10) after a while, disk use reported by iostat shows all disks go idle,
    except, say, sda, (sometimes another disk, at random), which goes 100% busy. This continues for a few minutes, then this:
    - all disks go about idle;
    - "dd" is reported at 100% system CPU usage,
    - strace of dd shows that it is making progress writing to disk,
      by the "write()" system calls take a very long time.
    - the output file grows at about 10-100 Kbytes/sec (should be 100-200 Mbytes/sec).
11) kill "dd", (it does normally), wait 5-10 minutes for cached data to flush to disk, restart "dd"
    and again everything works normally, disks are busy, data is flowing.
    until the problem repeats, maybe after 30 or so minutes.
12) same thing happens if I copy data from another machine using "rsync" ("rsync" goes to 100% system cpu usage) or NFS (one nfsd goes to 100% cpu usage).
13) if this problem does not happen, then overnight I always see at least one I/O error on one of the disks (any disk) and that disk drops out from the raid array.
14) if *that* does not happen, then overnight all 8 disks on one LSI card disappear (read: the firmware on the LSI card crashed) and the disks are unaccessible until the machine is power cycled (reboot and reset are not good enough.

K.O.


Version-Release number of selected component (if applicable):
2.6.9-22.0.1.ELsmp

How reproducible:
Always

Steps to Reproduce:
1. blah...
2.
3.
  

Additional info:

Comment 1 Tom Weeks 2006-04-26 20:45:34 UTC

Have you tried this on a non-RAID (PATA/SATA/SCSI) drive?

Tweeks

Comment 2 Jiri Pallich 2012-06-20 16:03:11 UTC

Thank you for submitting this issue for consideration in Red Hat Enterprise Linux.

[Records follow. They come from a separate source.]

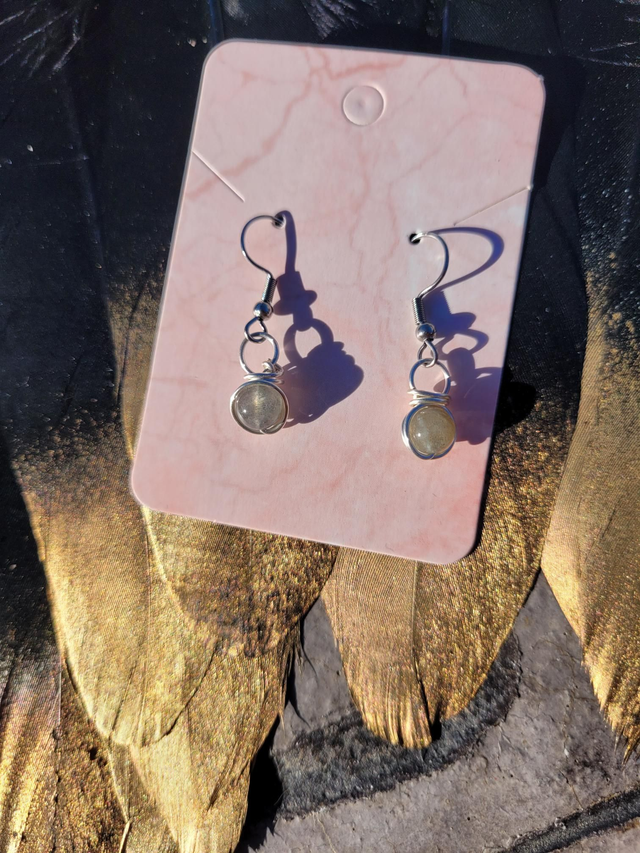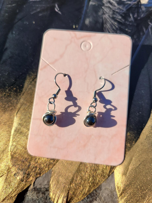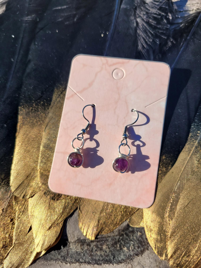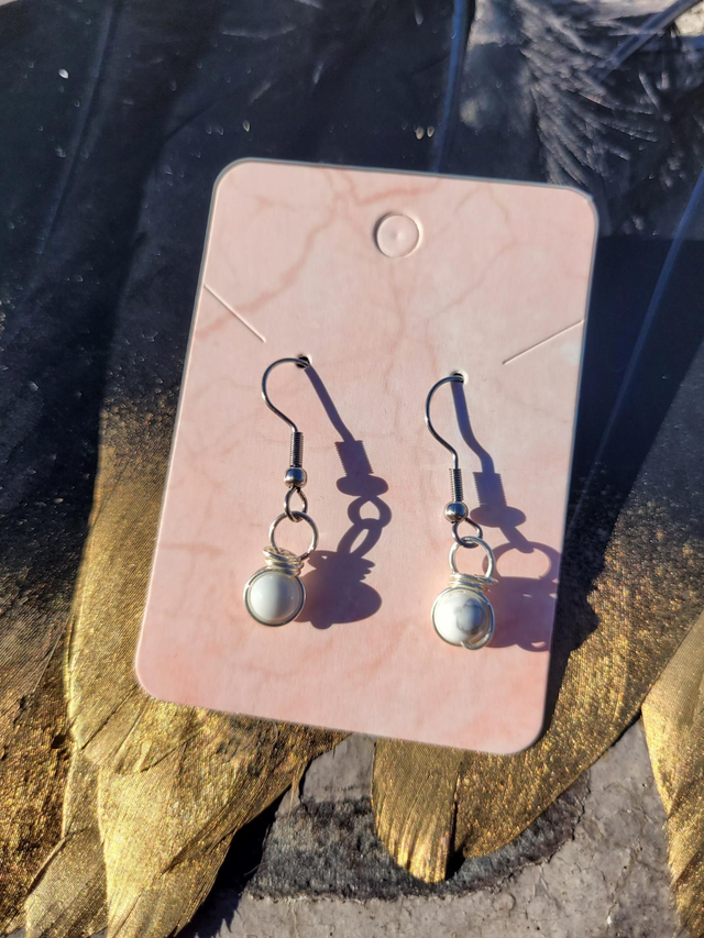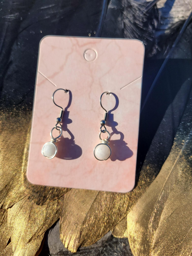 Boucles d'oreilles avec perles en pierre, fil de cuivre argenté anti-ternissement et crochets en acier inoxydable.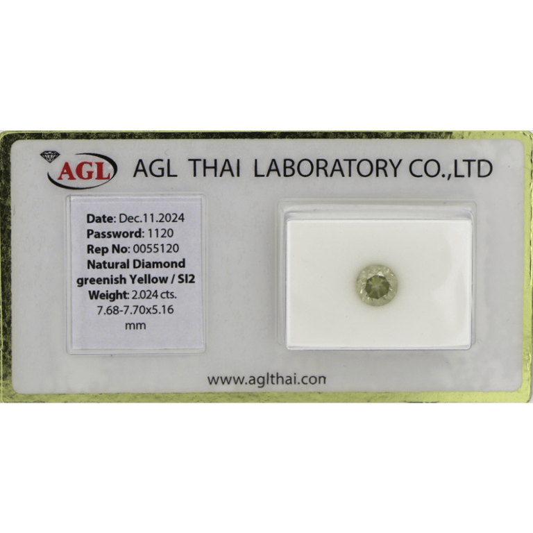 2.24CT CERTIFIED, NATURAL GREEN/YELLOW DIAMOND. Round Brilliant Cut, Greenish-Yellow, Si2 Clarity, Loose, Unset. Stone Comes Sealed With Agl Report: 0055120. Valuations Provided by an Independent Third-Party Professional Not Directly Associated With Lloyds Auctions at AUD $$15,600.00This valuation has been conducted by an independent third-party professional. The valuation amount is an assessment by the issuing valuer and does not reflect the auction value of the item. Any inquiries regarding the valuation should be directed to the issuing valuer (refer to contact details on the certificate), as Lloyds Auctions has no affiliation or influence over the valuation, the valuer, or the stated amount. Condition: Good - Refer Images 0645840+2157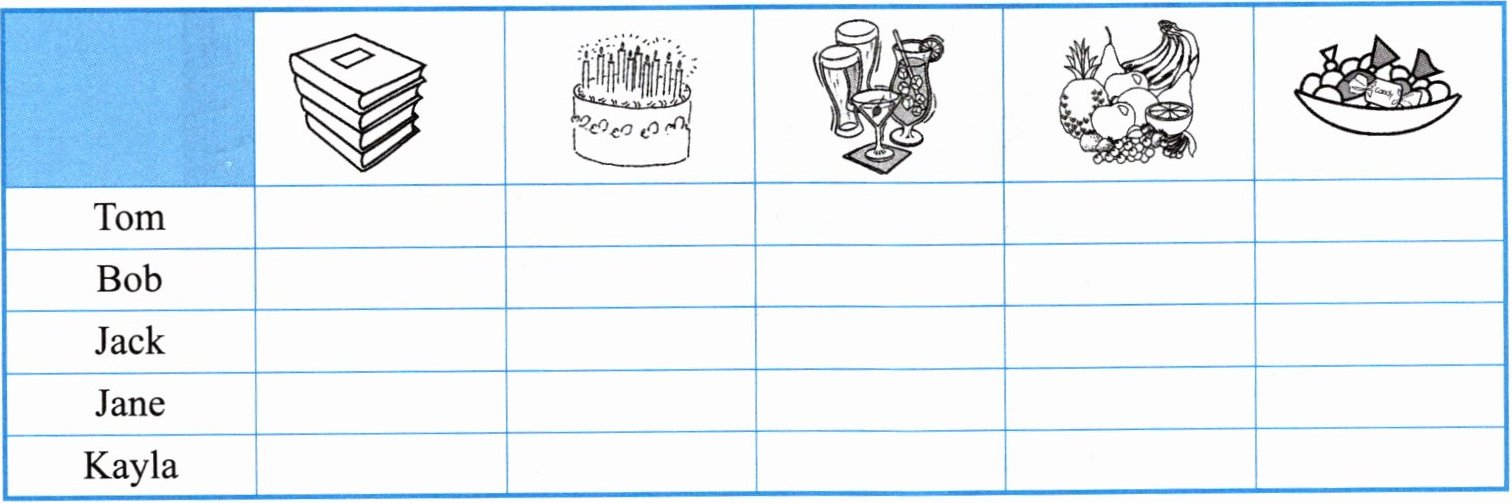 Tom's friends arrive at five o'clock. They give Tom some story books and say "Happy Birthday". Tom likes the gifts from his friends. They all like the birthday cake. Bob loves the candy and Jack loves the drinks. Jane and Kayla like the fruit. And they have fun together. They're very happy. It's a wonderful party.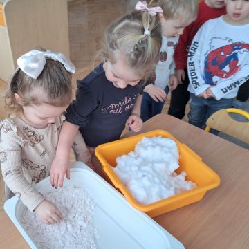 Zimowe doświadczenia ze śniegiem w grupie Kotków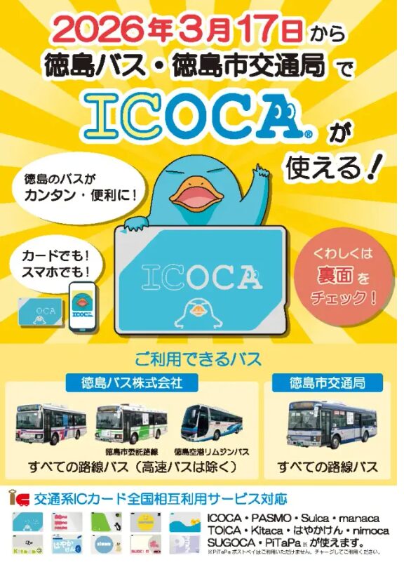 徳島バスは2026年3月17日からICカード対応予定となっています。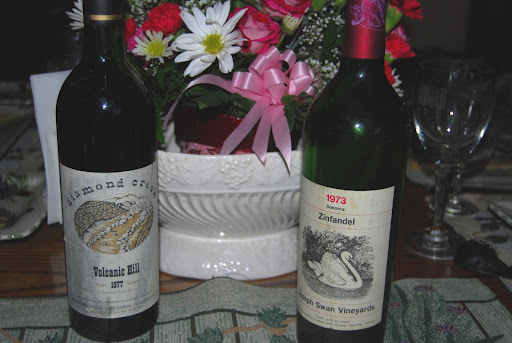 And some of the wine. A 1977 Diamond Creek, Volcanic Hill Cabernet Sauvignon, on the left. And on the right, a 1973 Joseph Swan Vineyards Zinfandel. Both of these wines from our cellar.
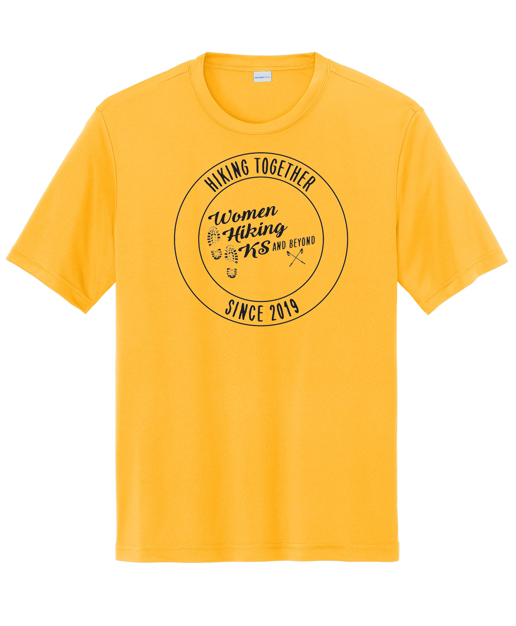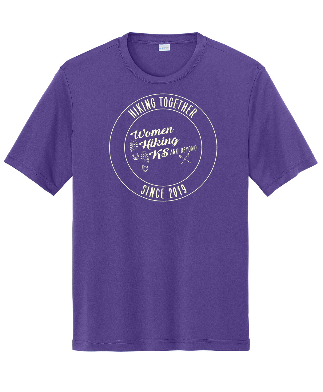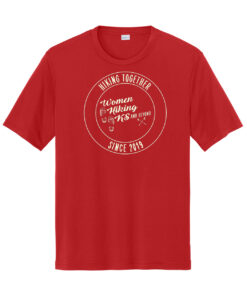 Unisex cut shirts are 100% polyester tees with the Women Hiking Kansas Anniversary imprint on either red, purple, or gold. See sizing chart in the gallery below.
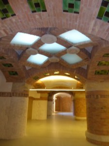 Modernism? Think of it as Art Nouveau, Catalan style. You’ll recognise it in the works of Antoni Gaudi. Montaner found inspiration from Moorish architecture. Playful looking mosaics and the light-flooded areas are the special feature of his buildings. What we noticed straight away was bold colour, bold decoration: rich-hued tiled roofs: and within, tiles and mosaics in sunny yellow, grass green, sky blue.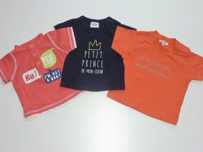Etat excellent pour ces tee shirts, un corail et un marine tape à l'oeil, un orange grain de blé.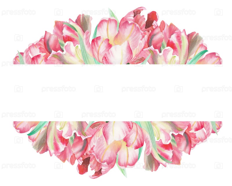 Баннер тюльпанов. Иллюстрация акварели. Для ткани, обоев, упаковочной бумаги, поздравительных открыток, дизайна, декора и иллюстрации
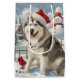 his festive design captures the joyful spirit of the holiday season, featuring an adorable pup wearing a Santa hat. The cat is nestled in a winter wonderland, complete with a snowman, a decorated Christmas tree, and beautifully wrapped presents. Snowflakes gently fall, adding a magical touch to the scene, while the vibrant colours of the holiday decorations create a warm and cheerful atmosphere.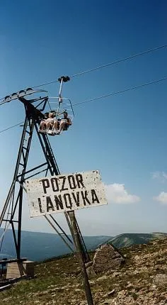 "Varning för linbanan!" utropar skylten som sitter precis under linbanan som går från staden Pec pod Snezkou upp till Tjeckiens högsta berg Snezka.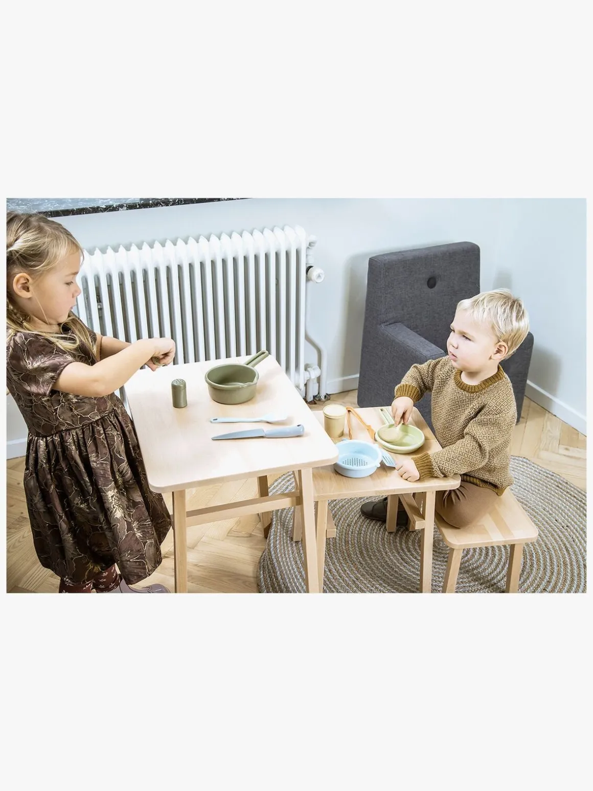 Bagesættet er danskproduceret fra Dantoy og fremstillet af bioplastik, der er lavet af sukkerrør. Dette gør produktet 100 % genanvendeligt. Sættet består af 12 dele og tåler opvaskemaskine.

The release for which you requested us to review is now End of Life. 
Please See https://access.redhat.com/support/policy/updates/errata/

If you would like Red Hat to re-consider your feature request for an active release, please re-open the request via appropriate support channels and provide additional supporting details about the importance of this issue.